**WHAT THIS TASK INVOLVES:** In the listing that follows, give every line again exactly and omit the pictures.
#### INPUT DATA ####
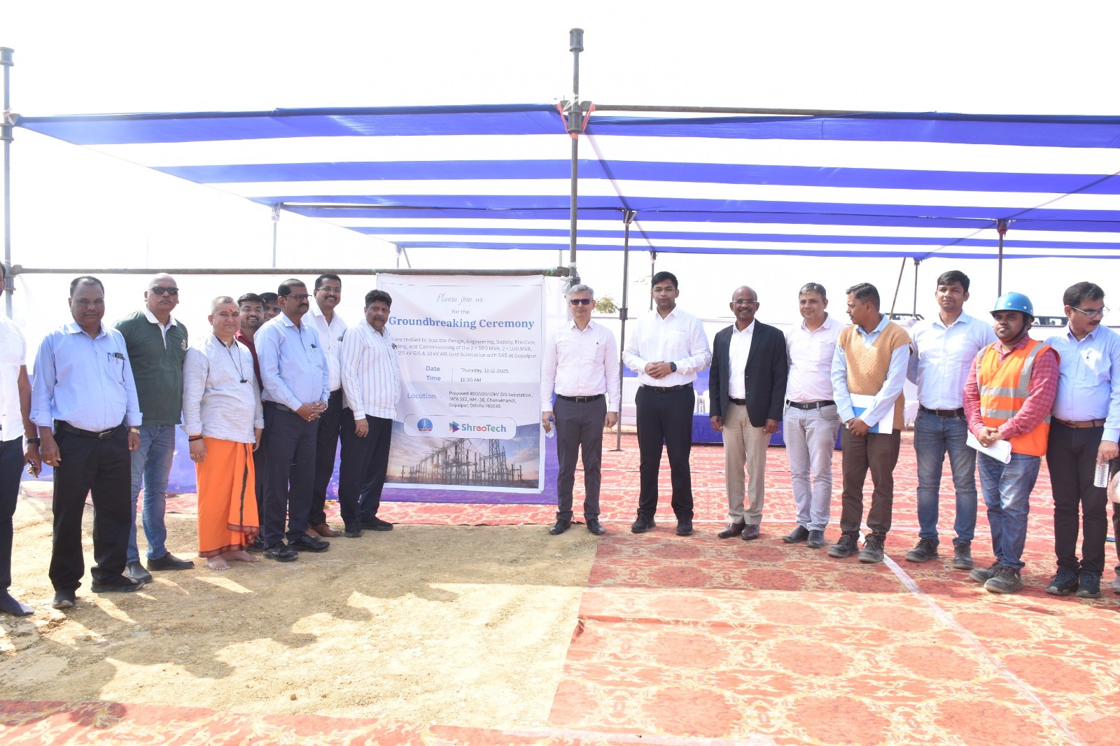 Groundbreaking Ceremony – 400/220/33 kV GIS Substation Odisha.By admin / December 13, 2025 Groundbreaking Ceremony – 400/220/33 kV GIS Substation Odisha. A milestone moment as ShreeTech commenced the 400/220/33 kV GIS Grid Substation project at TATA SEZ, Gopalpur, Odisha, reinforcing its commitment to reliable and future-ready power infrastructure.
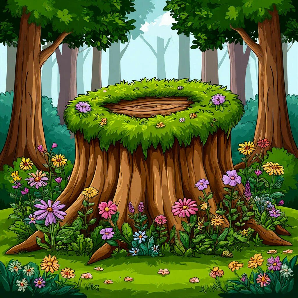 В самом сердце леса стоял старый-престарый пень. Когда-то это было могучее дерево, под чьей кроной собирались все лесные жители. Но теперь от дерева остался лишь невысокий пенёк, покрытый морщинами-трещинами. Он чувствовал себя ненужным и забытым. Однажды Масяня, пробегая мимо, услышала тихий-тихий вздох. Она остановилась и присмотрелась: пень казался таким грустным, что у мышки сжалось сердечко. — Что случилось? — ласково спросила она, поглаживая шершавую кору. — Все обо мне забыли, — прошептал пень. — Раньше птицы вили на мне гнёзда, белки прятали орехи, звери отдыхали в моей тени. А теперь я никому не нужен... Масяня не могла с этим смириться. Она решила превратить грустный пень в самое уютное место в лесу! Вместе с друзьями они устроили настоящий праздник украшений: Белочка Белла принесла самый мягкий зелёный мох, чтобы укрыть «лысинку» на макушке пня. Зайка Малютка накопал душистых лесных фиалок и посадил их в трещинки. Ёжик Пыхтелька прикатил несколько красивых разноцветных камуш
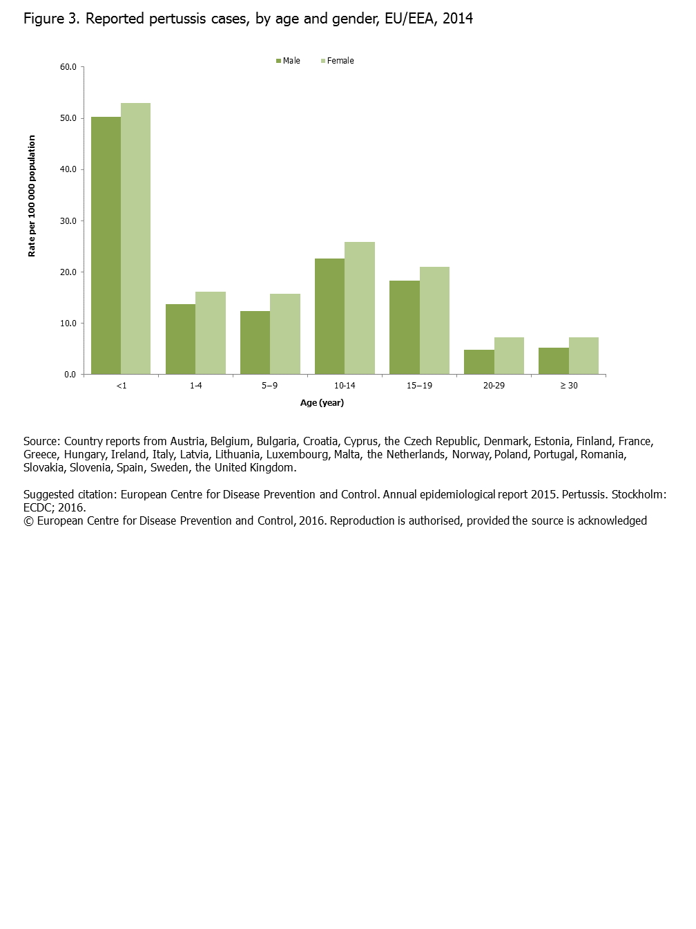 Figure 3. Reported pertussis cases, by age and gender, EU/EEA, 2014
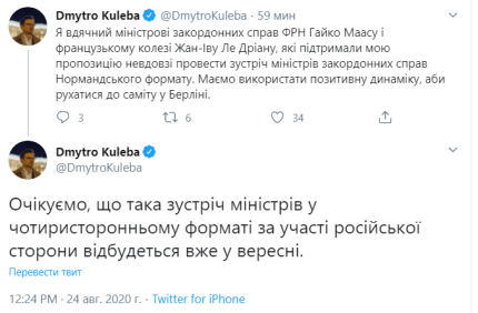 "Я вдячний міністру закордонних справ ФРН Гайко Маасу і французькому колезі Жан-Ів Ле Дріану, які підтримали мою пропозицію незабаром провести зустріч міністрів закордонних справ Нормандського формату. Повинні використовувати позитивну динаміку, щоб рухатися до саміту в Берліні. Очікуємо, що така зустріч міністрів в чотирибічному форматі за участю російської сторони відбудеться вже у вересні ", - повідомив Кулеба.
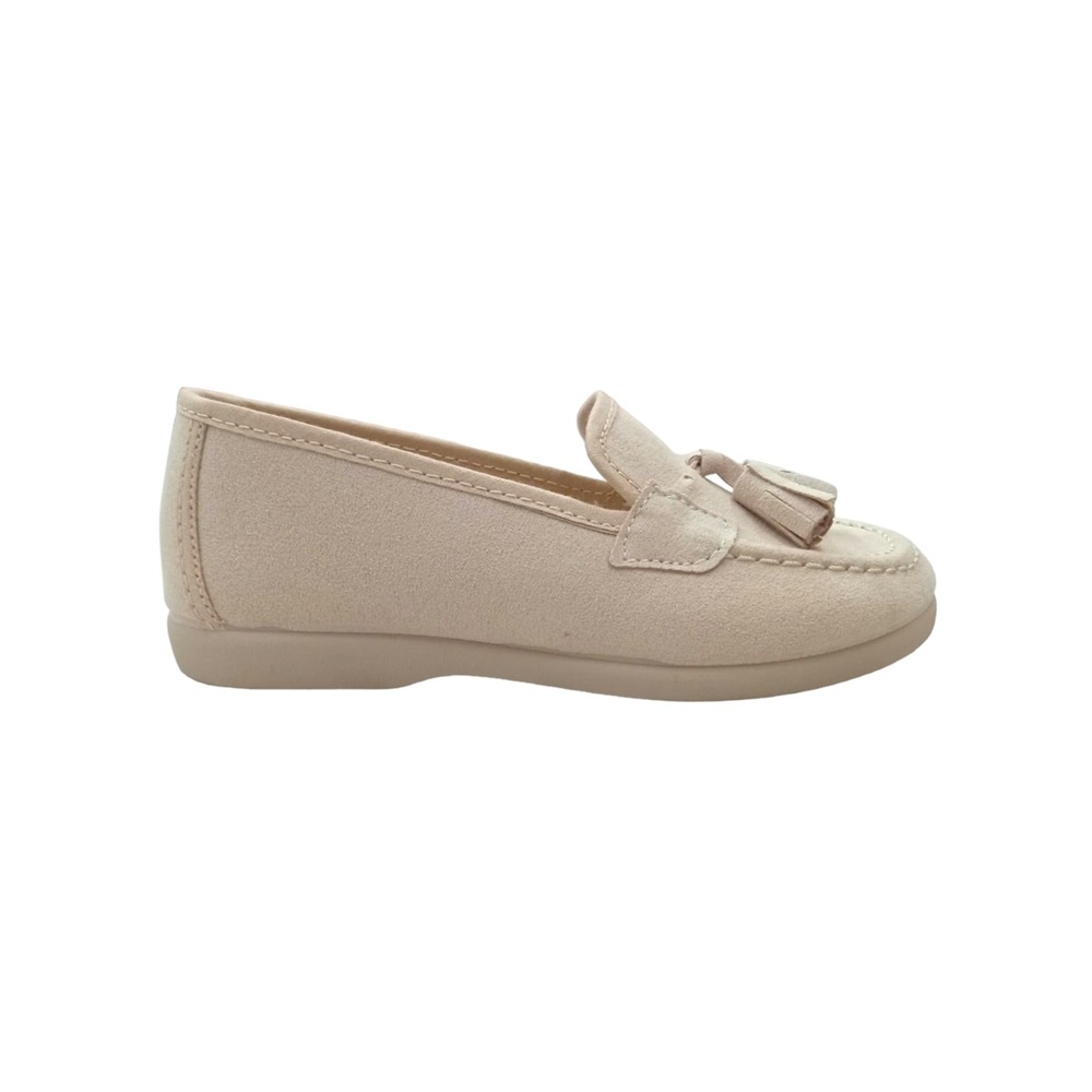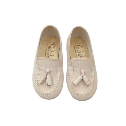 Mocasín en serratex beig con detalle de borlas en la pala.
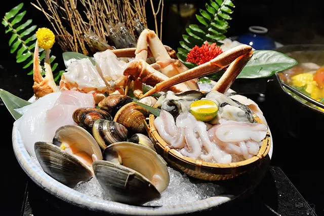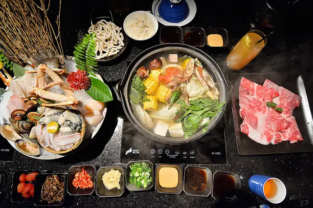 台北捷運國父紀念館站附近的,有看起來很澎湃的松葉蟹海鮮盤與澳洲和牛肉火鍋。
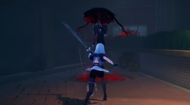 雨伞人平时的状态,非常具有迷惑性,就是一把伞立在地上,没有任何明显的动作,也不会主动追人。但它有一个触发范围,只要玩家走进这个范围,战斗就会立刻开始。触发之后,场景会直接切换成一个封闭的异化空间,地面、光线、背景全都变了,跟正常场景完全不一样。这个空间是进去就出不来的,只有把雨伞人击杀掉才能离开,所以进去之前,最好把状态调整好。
####
**EXERCISE ANSWER:**
 Groundbreaking Ceremony – 400/220/33 kV GIS Substation Odisha.By admin / December 13, 2025 Groundbreaking Ceremony – 400/220/33 kV GIS Substation Odisha. A milestone moment as ShreeTech commenced the 400/220/33 kV GIS Grid Substation project at TATA SEZ, Gopalpur, Odisha, reinforcing its commitment to reliable and future-ready power infrastructure.
 В самом сердце леса стоял старый-престарый пень. Когда-то это было могучее дерево, под чьей кроной собирались все лесные жители. Но теперь от дерева остался лишь невысокий пенёк, покрытый морщинами-трещинами. Он чувствовал себя ненужным и забытым. Однажды Масяня, пробегая мимо, услышала тихий-тихий вздох. Она остановилась и присмотрелась: пень казался таким грустным, что у мышки сжалось сердечко. — Что случилось? — ласково спросила она, поглаживая шершавую кору. — Все обо мне забыли, — прошептал пень. — Раньше птицы вили на мне гнёзда, белки прятали орехи, звери отдыхали в моей тени. А теперь я никому не нужен... Масяня не могла с этим смириться. Она решила превратить грустный пень в самое уютное место в лесу! Вместе с друзьями они устроили настоящий праздник украшений: Белочка Белла принесла самый мягкий зелёный мох, чтобы укрыть «лысинку» на макушке пня. Зайка Малютка накопал душистых лесных фиалок и посадил их в трещинки. Ёжик Пыхтелька прикатил несколько красивых разноцветных камуш
 Figure 3. Reported pertussis cases, by age and gender, EU/EEA, 2014
 "Я вдячний міністру закордонних справ ФРН Гайко Маасу і французькому колезі Жан-Ів Ле Дріану, які підтримали мою пропозицію незабаром провести зустріч міністрів закордонних справ Нормандського формату. Повинні використовувати позитивну динаміку, щоб рухатися до саміту в Берліні. Очікуємо, що така зустріч міністрів в чотирибічному форматі за участю російської сторони відбудеться вже у вересні ", - повідомив Кулеба.
 Mocasín en serratex beig con detalle de borlas en la pala.
 台北捷運國父紀念館站附近的,有看起來很澎湃的松葉蟹海鮮盤與澳洲和牛肉火鍋。
 雨伞人平时的状态,非常具有迷惑性,就是一把伞立在地上,没有任何明显的动作,也不会主动追人。但它有一个触发范围,只要玩家走进这个范围,战斗就会立刻开始。触发之后,场景会直接切换成一个封闭的异化空间,地面、光线、背景全都变了,跟正常场景完全不一样。这个空间是进去就出不来的,只有把雨伞人击杀掉才能离开,所以进去之前,最好把状态调整好。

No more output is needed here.